Scandale du Mediator : les laboratoires Servier et l’ANSM condamnés
Publié : 29 mars 2021 à 9h15 par Iris Mazzacurati
Plus de dix ans après le retentissant scandale du Mediator, les laboratoires Servier ont été condamnés lundi 29 mars à 2,7 millions d'euros d'amende pour "tromperie aggravée" et "homicides et blessures involontaires" dans le scandale sanitaire de leur médicament Mediator, produit à Gidy dans le Loiret, tenu pour responsable de plusieurs centaines de décès.
Les laboratoires ont "fragilisé la confiance dans le système de santé", a déclaré la présidente du tribunal Sylvie Daunis. Les laboratoires ont en revanche été relaxés des faits d'"escroquerie".
"Malgré la connaissance qu'ils avaient des risques encourus depuis de très nombreuses années, (...) ils n'ont jamais pris les mesures qui s'imposaient et ainsi trompé" les consommateurs du Mediator, a déclaré la présidente du tribunal correctionnel.
Jean-Philippe Seta, l'ex-numéro 2 du groupe pharmaceutique et ancien bras droit du tout-puissant Jacques Servier, décédé en 2014, a lui été condamné à quatre ans d'emprisonnement avec sursis. Le parquet avait requis à son encontre cinq ans dont trois ferme et 200.000 euros d'amende.
303 000 € d’amende pour l’ANSM
L'Agence nationale de sécurité du médicament (ANSM), jugée pour avoir tardé à suspendre la commercialisation du Mediator, a quant à elle été condamnée à 303 000 euros d'amende.

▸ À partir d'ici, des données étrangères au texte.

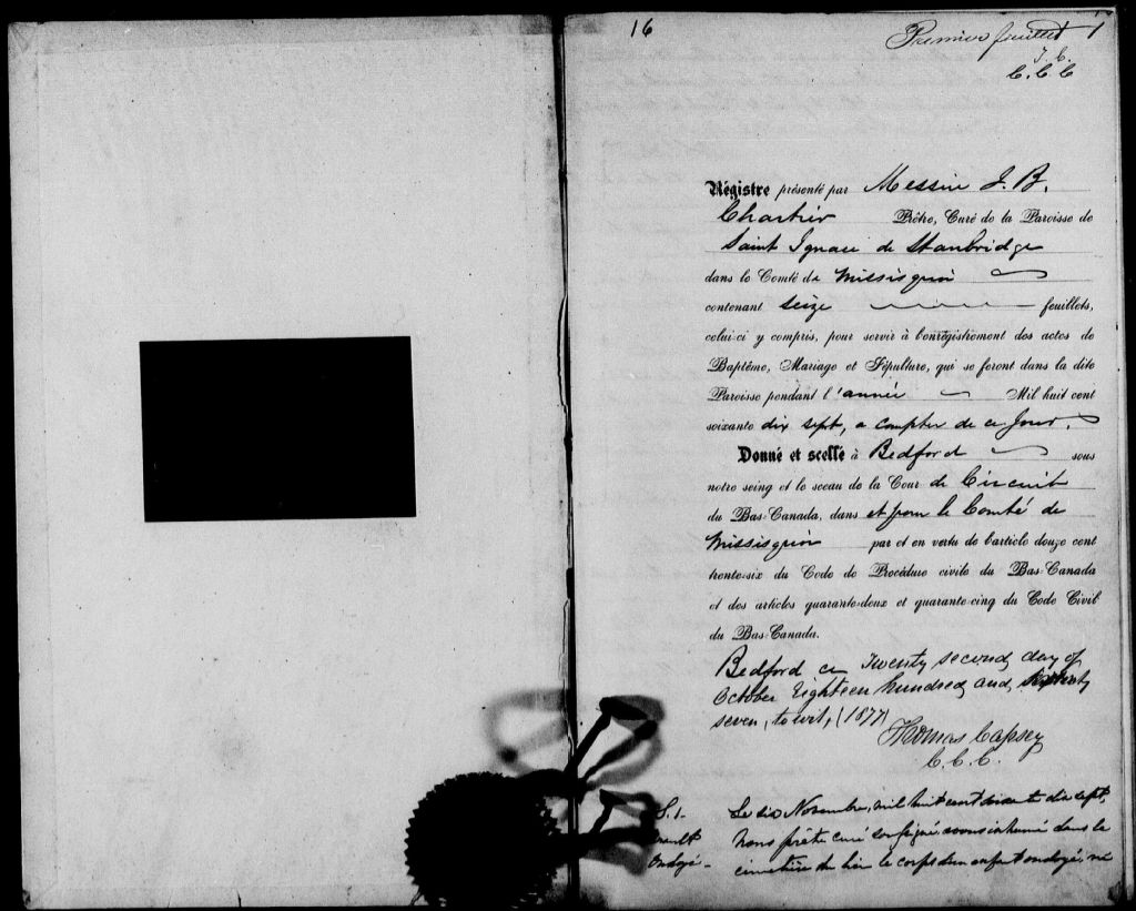 - Cette série regroupe les registres originaux de l'état civil, lesquels contiennent les enregistrements de baptêmes, de mariages et de sépultures consignés par le curé ou son représentant desservant la communauté de confession catholique de la paroisse de Saint-Ignace-de-Stanbridge pour la période 1877-1899. On retrouve également, en règle générale, un index nominatif situé à la fin de chaque registre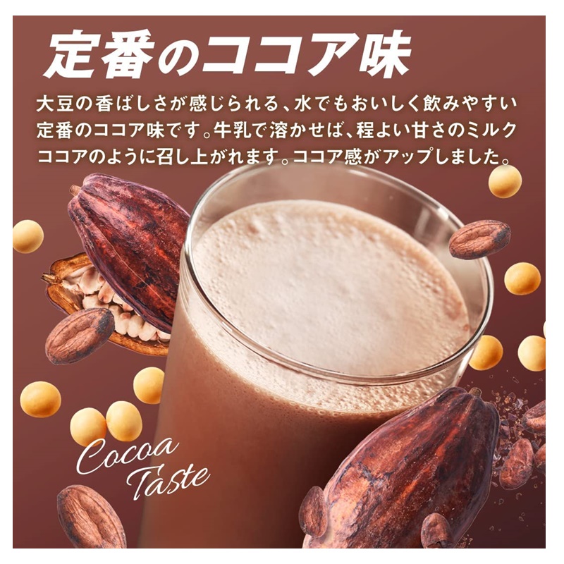 - 脱脂大豆たんぱく(国内製造、アメリカ製造)、ココアパウダー、デキストリン、植物油脂、食塩/乳化剤、増粘剤(プルラン)、甘

Le tribunal correctionnel a estimé que l'Agence avait "failli dans (son) rôle de police sanitaire et de gendarme du médicament" et lui a infligé la peine maximale de 225 000 euros pour "homicides et blessures involontaires" par négligence, à laquelle s'ajoutent des peines d'amendes contraventionnelles à hauteur de 78 000 euros. Le parquet avait requis une amende de 200.000 euros.
Un procès « hors normes »
Dans la salle d'audience principale, quelques dizaines de parties civiles - sur les plus de 6 500 constituées à l'occasion de ce procès "hors norme", espérant un jugement "exemplaire".
A leurs côtés : la pneumologue de Brest Irène Frachon, qui a révélé au grand public cette affaire, l'un des pires scandales sanitaires français.
Lors du procès-fleuve ouvert en septembre 2019 et clos en juillet 2020, une question a été centrale : comment le Mediator a-t-il pu être prescrit pendant trente-trois ans malgré les alertes répétées sur sa dangerosité ?
Pour l'accusation, les laboratoires Servier ont sciemment dissimulé les propriétés anorexigènes (coupe-faim) et les dangereux effets secondaires de ce médicament, utilisé par 5 millions de personnes jusqu'à son retrait du marché en 2009.
Les laboratoires Servier se sont toujours inlassablement défendus d'une "volonté délibérée de tromper". "Ils n'ont pas identifié un signal de risque significatif avant 2009", a argué l'un des avocats du groupe.